Propongo il discorso di Gilles Marchand,  direttore generale della televisione svizzera, su “Costruire la democrazia” che ha condiviso in occasione del convegno WORLD RADIO & PODCAST DAYdove ho partecipato anche io. 

Marchand parte dal finanziamento dei media per approdare al concetto di qualità.

“Il finanziamento dei media è una questione sempre più complicata per i media privati e sempre più discussa per i media pubblici – dice -. Il finanziamento dei media ne garantisce la stabilità. Questo è il presupposto della loro qualità professionale. Ma il concetto di qualità è quasi indefinibile. Ci sono tanti criteri di qualità quante sono le persone che sostengono di averla… Ma almeno una cosa è certa: senza finanziamenti relativamente stabili, il risultato mediatico è innegabilmente mediocre”.

Sono d’accordo con il direttore svizzero quando dice che senza mezzi e formazione  per i giornalisti  è difficile perché i rumors ( le chiacchiere del sottofondo) prendono il sopravvento sulla verità.

Ma un finanziamento stabile per i media non riguarda solo l’informazione: “In Svizzera commettiamo spesso l’errore di ridurre il dibattito sui media alla produzione giornalistica, all’informazione – spiega -. La stabilità dei finanziamenti consente anche produzioni originali, legate alla popolazione a cui è destinata. Mi riferisco a documentari, fiction, registrazioni artistiche e sportive o produzioni musicali. Questo immenso campo mediatico è un enorme fornitore di identità condivisa, di destini comuni. È particolarmente importante in paesi multiculturali e multilingue come la Svizzera”.

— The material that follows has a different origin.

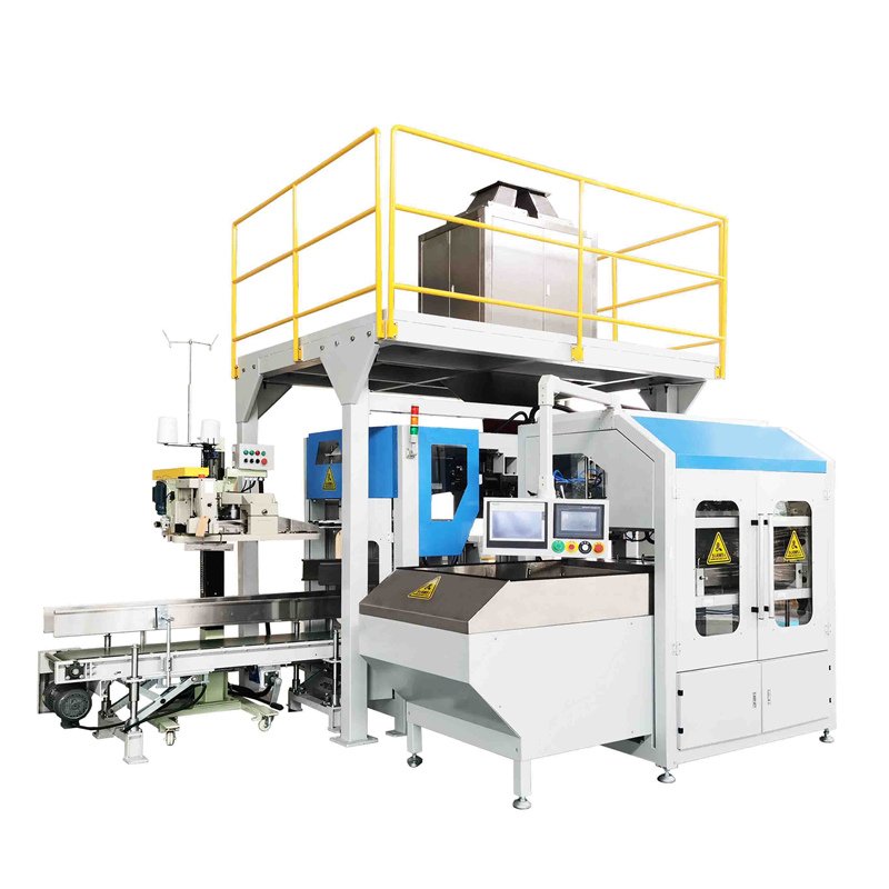 我司针对化工、肥料、饲料、粮食、种子、食品等行业的大袋子颗粒物料包装而设计的新型包装机机组,该机组具有自动称量、自动上袋、自动填充、自动送包、自动封口等功能。可与后道码垛机器人等设备实现联动,实现大规格包装、码垛无人化作业。

Poi parla di fonti di finanziamento:  “La prima  rappresentata dalle entrate commerciali, derivanti dalla vendita di contenuti o dalle entrate pubblicitarie, in tutte le forme possibili,\ dove i media privati hanno una straordinaria creatività – dice -. La seconda principale fonte di finanziamento è quella pubblica. Si tratta di un canone o di un finanziamento diretto dal bilancio dello Stato. Questo finanziamento pubblico permette quindi al servizio pubblico di esistere.  Il canone, come è noto in Svizzera, non è molto popolare. Perché è obbligatorio e non è legato a un uso specifico dei programmi. Il canone è una costruzione piuttosto complessa, che finanzia un sistema di solidarietà tra generi di programmi e tra regioni. È un po’ come le strade che non vengono utilizzate sempre, come le scuole che vengono finanziate anche quando i bambini sono cresciuti, o come gli ospedali che fortunatamente non vengono utilizzati tutti i giorni. Il canone universale è impegnativo e, in un sistema di democrazia diretta dove può essere regolarmente messo in discussione, richiede una vera maturità da parte dei cittadini. Questa maturità è stata dimostrata dalla popolazione svizzera nel 2018, quando ha respinto con oltre il 70% un’iniziativa popolare per l’abolizione del canone”.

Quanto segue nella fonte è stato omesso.